_Task instructions:_
Once you have located the line containing "All of the living" in the material below, return it exactly along with each line after it through the line containing "( T = temperatuur".

_Source material:_

::::

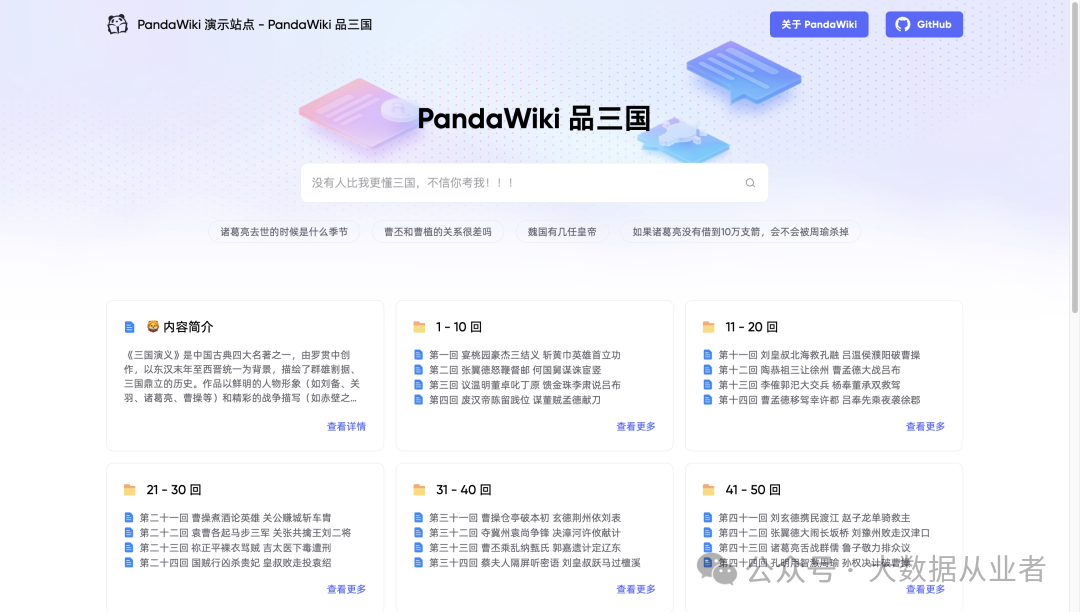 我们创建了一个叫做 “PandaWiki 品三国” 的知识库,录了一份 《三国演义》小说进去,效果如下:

::::

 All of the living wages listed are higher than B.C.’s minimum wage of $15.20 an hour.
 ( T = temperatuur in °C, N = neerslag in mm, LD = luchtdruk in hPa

::::

_Answer for this exercise:_
 All of the living wages listed are higher than B.C.’s minimum wage of $15.20 an hour.
 ( T = temperatuur in °C, N = neerslag in mm, LD = luchtdruk in hPa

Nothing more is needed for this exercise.